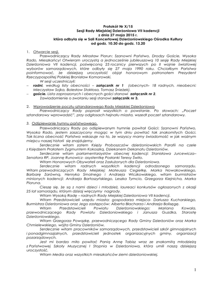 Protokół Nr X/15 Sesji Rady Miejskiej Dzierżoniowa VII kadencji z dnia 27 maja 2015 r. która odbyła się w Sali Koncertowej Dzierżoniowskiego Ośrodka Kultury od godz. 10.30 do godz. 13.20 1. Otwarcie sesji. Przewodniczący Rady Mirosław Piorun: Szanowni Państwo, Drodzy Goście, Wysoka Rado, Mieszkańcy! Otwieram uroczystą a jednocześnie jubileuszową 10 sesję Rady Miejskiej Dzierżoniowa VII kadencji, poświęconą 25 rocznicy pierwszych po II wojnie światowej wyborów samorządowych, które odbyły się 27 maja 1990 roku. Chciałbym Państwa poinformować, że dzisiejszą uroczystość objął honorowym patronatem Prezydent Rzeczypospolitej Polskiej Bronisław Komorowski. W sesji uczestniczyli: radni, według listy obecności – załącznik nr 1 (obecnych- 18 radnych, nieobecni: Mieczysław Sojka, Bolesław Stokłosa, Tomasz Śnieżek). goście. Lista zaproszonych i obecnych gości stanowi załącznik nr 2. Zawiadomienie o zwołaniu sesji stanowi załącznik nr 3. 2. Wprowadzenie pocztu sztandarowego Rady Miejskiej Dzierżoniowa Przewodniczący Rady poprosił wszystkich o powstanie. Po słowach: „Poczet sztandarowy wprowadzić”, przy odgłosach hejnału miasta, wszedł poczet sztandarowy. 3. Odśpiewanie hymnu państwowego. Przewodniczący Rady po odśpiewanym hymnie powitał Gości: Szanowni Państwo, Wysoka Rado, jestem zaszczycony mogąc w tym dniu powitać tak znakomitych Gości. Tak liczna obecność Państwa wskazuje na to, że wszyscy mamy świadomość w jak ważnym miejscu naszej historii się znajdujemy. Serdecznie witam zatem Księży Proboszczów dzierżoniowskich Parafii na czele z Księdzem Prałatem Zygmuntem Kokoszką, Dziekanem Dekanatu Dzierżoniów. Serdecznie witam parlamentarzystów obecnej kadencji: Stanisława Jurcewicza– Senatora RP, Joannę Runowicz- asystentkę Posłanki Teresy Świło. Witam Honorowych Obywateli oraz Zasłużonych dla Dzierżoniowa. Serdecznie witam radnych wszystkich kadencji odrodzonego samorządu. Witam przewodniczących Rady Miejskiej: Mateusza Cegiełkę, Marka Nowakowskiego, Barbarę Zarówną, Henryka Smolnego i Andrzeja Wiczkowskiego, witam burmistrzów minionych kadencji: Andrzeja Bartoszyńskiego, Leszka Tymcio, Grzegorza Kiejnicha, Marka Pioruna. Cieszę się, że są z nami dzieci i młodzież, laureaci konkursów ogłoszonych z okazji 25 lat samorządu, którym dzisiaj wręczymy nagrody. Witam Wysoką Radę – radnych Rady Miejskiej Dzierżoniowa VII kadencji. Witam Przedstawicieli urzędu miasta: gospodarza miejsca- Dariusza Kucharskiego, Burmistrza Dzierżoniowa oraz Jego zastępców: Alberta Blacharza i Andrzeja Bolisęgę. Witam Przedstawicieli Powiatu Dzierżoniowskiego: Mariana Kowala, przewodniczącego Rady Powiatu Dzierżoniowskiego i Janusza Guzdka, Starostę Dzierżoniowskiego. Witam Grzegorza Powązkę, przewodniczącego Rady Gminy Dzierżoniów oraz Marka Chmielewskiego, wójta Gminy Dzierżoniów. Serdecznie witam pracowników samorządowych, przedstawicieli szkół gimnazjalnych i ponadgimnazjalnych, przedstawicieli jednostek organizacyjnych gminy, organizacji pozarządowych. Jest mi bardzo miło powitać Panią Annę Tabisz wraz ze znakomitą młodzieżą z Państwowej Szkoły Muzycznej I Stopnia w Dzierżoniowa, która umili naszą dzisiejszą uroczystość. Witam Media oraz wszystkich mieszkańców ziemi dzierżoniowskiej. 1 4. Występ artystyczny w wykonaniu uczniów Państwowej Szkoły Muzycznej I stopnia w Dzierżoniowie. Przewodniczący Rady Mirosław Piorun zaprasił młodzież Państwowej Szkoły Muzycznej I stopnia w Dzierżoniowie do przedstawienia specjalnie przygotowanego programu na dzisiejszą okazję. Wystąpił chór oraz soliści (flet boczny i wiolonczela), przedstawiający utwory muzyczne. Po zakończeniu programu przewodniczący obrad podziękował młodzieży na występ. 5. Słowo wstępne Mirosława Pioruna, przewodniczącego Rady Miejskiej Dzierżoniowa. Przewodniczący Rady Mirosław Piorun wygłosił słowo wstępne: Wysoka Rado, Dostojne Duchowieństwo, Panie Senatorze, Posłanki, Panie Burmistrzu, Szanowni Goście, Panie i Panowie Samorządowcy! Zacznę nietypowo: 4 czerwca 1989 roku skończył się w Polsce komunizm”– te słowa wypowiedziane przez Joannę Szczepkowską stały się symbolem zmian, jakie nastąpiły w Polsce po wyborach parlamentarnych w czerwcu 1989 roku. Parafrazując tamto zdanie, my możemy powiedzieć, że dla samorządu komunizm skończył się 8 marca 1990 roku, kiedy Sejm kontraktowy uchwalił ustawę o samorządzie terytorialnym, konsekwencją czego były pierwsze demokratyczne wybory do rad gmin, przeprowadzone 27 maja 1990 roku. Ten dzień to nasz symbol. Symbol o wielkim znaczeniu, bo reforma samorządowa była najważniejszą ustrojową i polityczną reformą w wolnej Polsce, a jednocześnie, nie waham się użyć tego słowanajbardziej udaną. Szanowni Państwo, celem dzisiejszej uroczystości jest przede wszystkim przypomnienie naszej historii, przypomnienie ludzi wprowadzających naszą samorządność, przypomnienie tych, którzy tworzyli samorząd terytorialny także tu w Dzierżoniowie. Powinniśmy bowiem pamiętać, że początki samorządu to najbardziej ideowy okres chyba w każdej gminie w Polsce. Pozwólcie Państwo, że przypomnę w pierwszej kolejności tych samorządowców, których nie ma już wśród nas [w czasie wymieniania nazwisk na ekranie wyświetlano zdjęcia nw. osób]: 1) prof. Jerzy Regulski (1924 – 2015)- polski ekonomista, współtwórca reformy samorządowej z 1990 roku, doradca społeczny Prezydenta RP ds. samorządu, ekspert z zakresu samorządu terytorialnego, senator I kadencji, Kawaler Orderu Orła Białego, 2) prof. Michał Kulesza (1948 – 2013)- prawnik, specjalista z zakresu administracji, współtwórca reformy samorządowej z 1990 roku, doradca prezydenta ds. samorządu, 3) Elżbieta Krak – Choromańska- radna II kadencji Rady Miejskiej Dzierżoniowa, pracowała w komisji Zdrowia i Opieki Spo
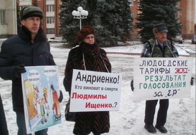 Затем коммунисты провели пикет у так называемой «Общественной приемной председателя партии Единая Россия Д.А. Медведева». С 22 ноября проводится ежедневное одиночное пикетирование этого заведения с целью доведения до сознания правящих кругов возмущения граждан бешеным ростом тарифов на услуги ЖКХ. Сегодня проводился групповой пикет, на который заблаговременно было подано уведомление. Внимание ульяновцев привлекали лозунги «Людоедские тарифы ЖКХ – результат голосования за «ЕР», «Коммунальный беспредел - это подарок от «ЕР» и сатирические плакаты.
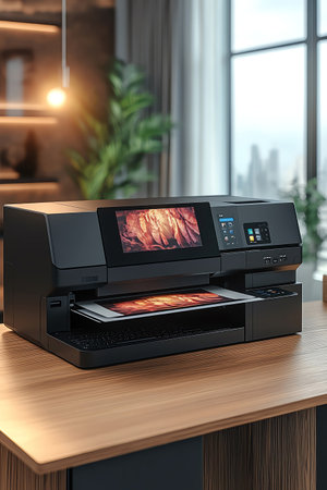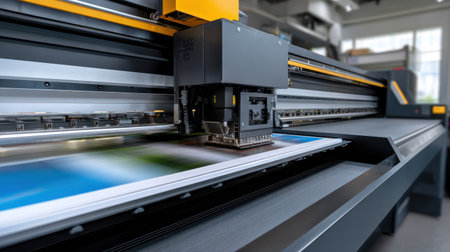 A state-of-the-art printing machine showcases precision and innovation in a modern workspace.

_What this task involves_
Retype the full listing above precisely. Exclude each picture you find in it.

_Solution to the problem_
 Protokół Nr X/15 Sesji Rady Miejskiej Dzierżoniowa VII kadencji z dnia 27 maja 2015 r. która odbyła się w Sali Koncertowej Dzierżoniowskiego Ośrodka Kultury od godz. 10.30 do godz. 13.20 1. Otwarcie sesji. Przewodniczący Rady Mirosław Piorun: Szanowni Państwo, Drodzy Goście, Wysoka Rado, Mieszkańcy! Otwieram uroczystą a jednocześnie jubileuszową 10 sesję Rady Miejskiej Dzierżoniowa VII kadencji, poświęconą 25 rocznicy pierwszych po II wojnie światowej wyborów samorządowych, które odbyły się 27 maja 1990 roku. Chciałbym Państwa poinformować, że dzisiejszą uroczystość objął honorowym patronatem Prezydent Rzeczypospolitej Polskiej Bronisław Komorowski. W sesji uczestniczyli: radni, według listy obecności – załącznik nr 1 (obecnych- 18 radnych, nieobecni: Mieczysław Sojka, Bolesław Stokłosa, Tomasz Śnieżek). goście. Lista zaproszonych i obecnych gości stanowi załącznik nr 2. Zawiadomienie o zwołaniu sesji stanowi załącznik nr 3. 2. Wprowadzenie pocztu sztandarowego Rady Miejskiej Dzierżoniowa Przewodniczący Rady poprosił wszystkich o powstanie. Po słowach: „Poczet sztandarowy wprowadzić”, przy odgłosach hejnału miasta, wszedł poczet sztandarowy. 3. Odśpiewanie hymnu państwowego. Przewodniczący Rady po odśpiewanym hymnie powitał Gości: Szanowni Państwo, Wysoka Rado, jestem zaszczycony mogąc w tym dniu powitać tak znakomitych Gości. Tak liczna obecność Państwa wskazuje na to, że wszyscy mamy świadomość w jak ważnym miejscu naszej historii się znajdujemy. Serdecznie witam zatem Księży Proboszczów dzierżoniowskich Parafii na czele z Księdzem Prałatem Zygmuntem Kokoszką, Dziekanem Dekanatu Dzierżoniów. Serdecznie witam parlamentarzystów obecnej kadencji: Stanisława Jurcewicza– Senatora RP, Joannę Runowicz- asystentkę Posłanki Teresy Świło. Witam Honorowych Obywateli oraz Zasłużonych dla Dzierżoniowa. Serdecznie witam radnych wszystkich kadencji odrodzonego samorządu. Witam przewodniczących Rady Miejskiej: Mateusza Cegiełkę, Marka Nowakowskiego, Barbarę Zarówną, Henryka Smolnego i Andrzeja Wiczkowskiego, witam burmistrzów minionych kadencji: Andrzeja Bartoszyńskiego, Leszka Tymcio, Grzegorza Kiejnicha, Marka Pioruna. Cieszę się, że są z nami dzieci i młodzież, laureaci konkursów ogłoszonych z okazji 25 lat samorządu, którym dzisiaj wręczymy nagrody. Witam Wysoką Radę – radnych Rady Miejskiej Dzierżoniowa VII kadencji. Witam Przedstawicieli urzędu miasta: gospodarza miejsca- Dariusza Kucharskiego, Burmistrza Dzierżoniowa oraz Jego zastępców: Alberta Blacharza i Andrzeja Bolisęgę. Witam Przedstawicieli Powiatu Dzierżoniowskiego: Mariana Kowala, przewodniczącego Rady Powiatu Dzierżoniowskiego i Janusza Guzdka, Starostę Dzierżoniowskiego. Witam Grzegorza Powązkę, przewodniczącego Rady Gminy Dzierżoniów oraz Marka Chmielewskiego, wójta Gminy Dzierżoniów. Serdecznie witam pracowników samorządowych, przedstawicieli szkół gimnazjalnych i ponadgimnazjalnych, przedstawicieli jednostek organizacyjnych gminy, organizacji pozarządowych. Jest mi bardzo miło powitać Panią Annę Tabisz wraz ze znakomitą młodzieżą z Państwowej Szkoły Muzycznej I Stopnia w Dzierżoniowa, która umili naszą dzisiejszą uroczystość. Witam Media oraz wszystkich mieszkańców ziemi dzierżoniowskiej. 1 4. Występ artystyczny w wykonaniu uczniów Państwowej Szkoły Muzycznej I stopnia w Dzierżoniowie. Przewodniczący Rady Mirosław Piorun zaprasił młodzież Państwowej Szkoły Muzycznej I stopnia w Dzierżoniowie do przedstawienia specjalnie przygotowanego programu na dzisiejszą okazję. Wystąpił chór oraz soliści (flet boczny i wiolonczela), przedstawiający utwory muzyczne. Po zakończeniu programu przewodniczący obrad podziękował młodzieży na występ. 5. Słowo wstępne Mirosława Pioruna, przewodniczącego Rady Miejskiej Dzierżoniowa. Przewodniczący Rady Mirosław Piorun wygłosił słowo wstępne: Wysoka Rado, Dostojne Duchowieństwo, Panie Senatorze, Posłanki, Panie Burmistrzu, Szanowni Goście, Panie i Panowie Samorządowcy! Zacznę nietypowo: 4 czerwca 1989 roku skończył się w Polsce komunizm”– te słowa wypowiedziane przez Joannę Szczepkowską stały się symbolem zmian, jakie nastąpiły w Polsce po wyborach parlamentarnych w czerwcu 1989 roku. Parafrazując tamto zdanie, my możemy powiedzieć, że dla samorządu komunizm skończył się 8 marca 1990 roku, kiedy Sejm kontraktowy uchwalił ustawę o samorządzie terytorialnym, konsekwencją czego były pierwsze demokratyczne wybory do rad gmin, przeprowadzone 27 maja 1990 roku. Ten dzień to nasz symbol. Symbol o wielkim znaczeniu, bo reforma samorządowa była najważniejszą ustrojową i polityczną reformą w wolnej Polsce, a jednocześnie, nie waham się użyć tego słowanajbardziej udaną. Szanowni Państwo, celem dzisiejszej uroczystości jest przede wszystkim przypomnienie naszej historii, przypomnienie ludzi wprowadzających naszą samorządność, przypomnienie tych, którzy tworzyli samorząd terytorialny także tu w Dzierżoniowie. Powinniśmy bowiem pamiętać, że początki samorządu to najbardziej ideowy okres chyba w każdej gminie w Polsce. Pozwólcie Państwo, że przypomnę w pierwszej kolejności tych samorządowców, których nie ma już wśród nas [w czasie wymieniania nazwisk na ekranie wyświetlano zdjęcia nw. osób]: 1) prof. Jerzy Regulski (1924 – 2015)- polski ekonomista, współtwórca reformy samorządowej z 1990 roku, doradca społeczny Prezydenta RP ds. samorządu, ekspert z zakresu samorządu terytorialnego, senator I kadencji, Kawaler Orderu Orła Białego, 2) prof. Michał Kulesza (1948 – 2013)- prawnik, specjalista z zakresu administracji, współtwórca reformy samorządowej z 1990 roku, doradca prezydenta ds. samorządu, 3) Elżbieta Krak – Choromańska- radna II kadencji Rady Miejskiej Dzierżoniowa, pracowała w komisji Zdrowia i Opieki Spo
 Затем коммунисты провели пикет у так называемой «Общественной приемной председателя партии Единая Россия Д.А. Медведева». С 22 ноября проводится ежедневное одиночное пикетирование этого заведения с целью доведения до сознания правящих кругов возмущения граждан бешеным ростом тарифов на услуги ЖКХ. Сегодня проводился групповой пикет, на который заблаговременно было подано уведомление. Внимание ульяновцев привлекали лозунги «Людоедские тарифы ЖКХ – результат голосования за «ЕР», «Коммунальный беспредел - это подарок от «ЕР» и сатирические плакаты.
 A state-of-the-art printing machine showcases precision and innovation in a modern workspace.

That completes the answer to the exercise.